Studio album by B'z
- Released: November 7, 1990
- Recorded: 1990
- Genres: Pop rock; new wave;
- Length: 47:37
- Label: BMG Victor/ZEZ
- Producer: Tak Matsumoto

B'z chronology
| Break Through (1990) | Risky (1990) | In the Life (1991) |

Singles from Risky
- "Easy Come, Easy Go!" Released: October 3, 1990; "Itoshii Hitoyo Good Night…" Released: October 24, 1990;

= Risky (album) =

Risky is the fourth studio album by the Japanese rock duo B'z. "Risky" sold 314,770 copies in its first week and 1,695,900 copies in total. It is the band's first studio album to break the million mark.

Risky was also the first of two collaborations with engineer Jason Corsaro, who has also worked with artists such as Duran Duran, The Power Station and Madonna.

The album spawned two singles, "Easy Come, Easy Go!" and "Itoshii Hitoyo Good Night…"

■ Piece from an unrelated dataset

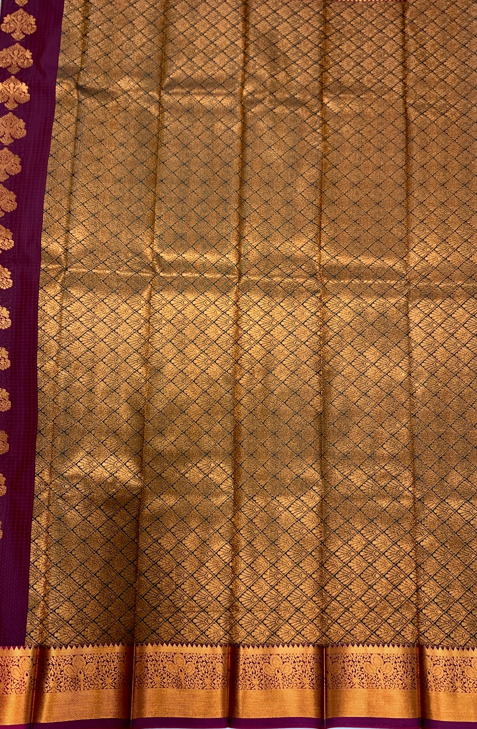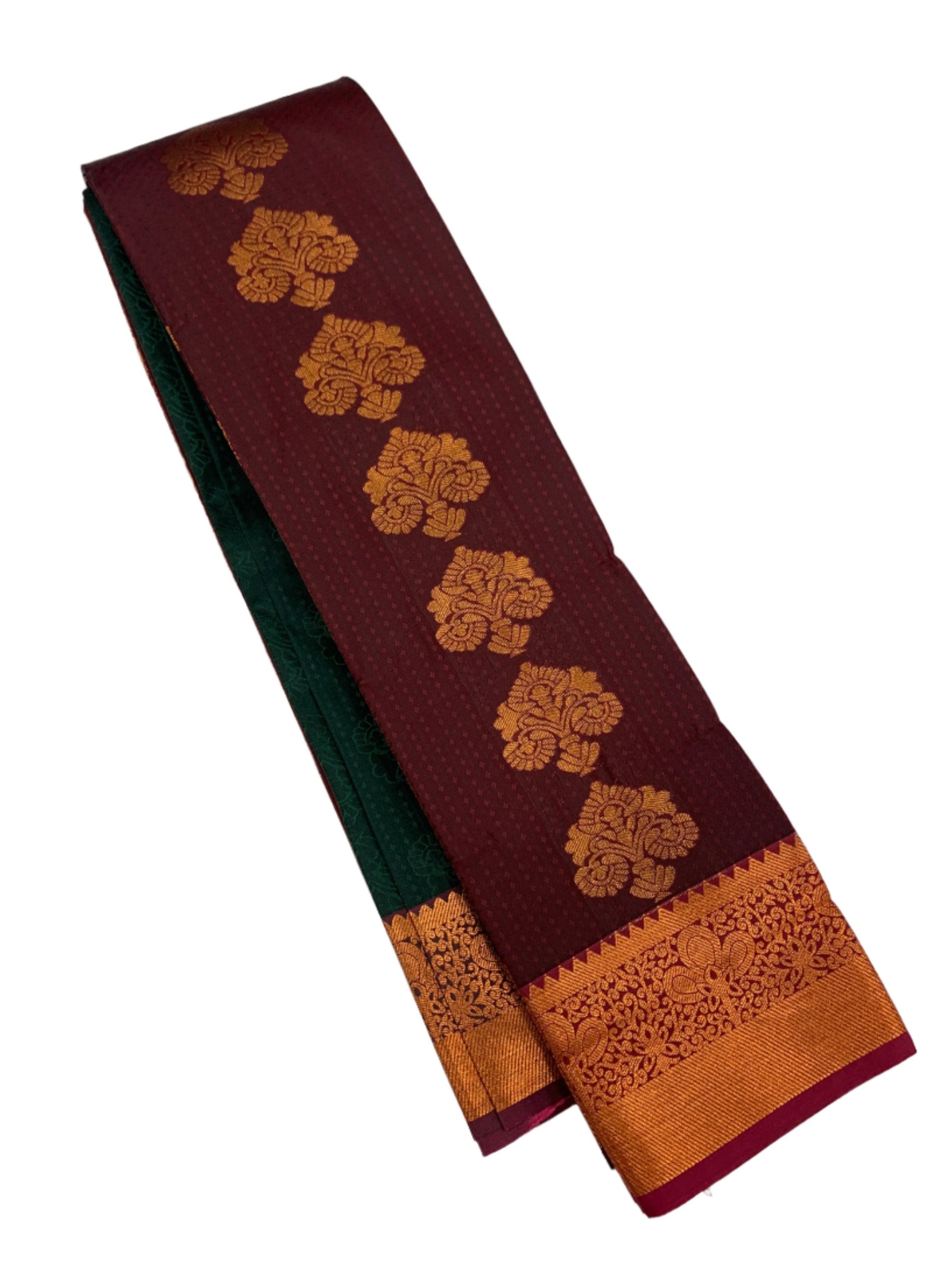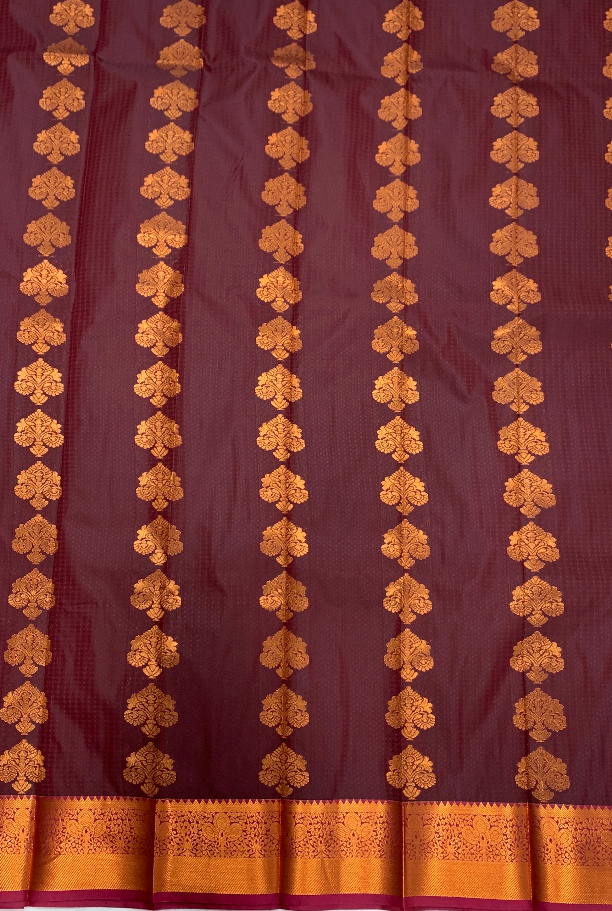 Vegan Silk Saree Brown Colour with flower design. Copper Border with Flower design. Dry wash only.

The album also produced the band's first (and, to date, only) official music video collection, Film Risky.

== Track listing ==

| No. | Title | Length |
|---|---|---|
| 1. | "Risky" | 1:24 |
| 2. | "Gimme Your Love -不屈のLove Driver-" (Gimme Your Love -Persistent Love Driver-) | 4:23 |
| 3. | "Hot Fashion -流行過多-" (Hot Fashion -Fashion Excess-) | 4:11 |
| 4. | "Easy Come, Easy Go! -Risky Style-" | 4:40 |
| 5. | "愛しい人よGood Night…" (Lovely One, Good Night…) | 6:13 |
| 6. | "Holy Nightにくちづけを" (A Holy Night Kiss) | 5:01 |
| 7. | "Vampire Woman" | 4:58 |
| 8. | "確かなものは闇の中" (Certainly Something in the Dark) | 4:18 |
| 9. | "Friday Midnight Blue" | 4:25 |
| 10. | "It's Raining…" | 4:58 |
| Total length: |  | 47:37 |

==Certifications==

| Region | Certification | Certified units/sales |
| Japan (RIAJ) | 2× Million | 2,000,000^{^} |
^{^} Shipments figures based on certification alone.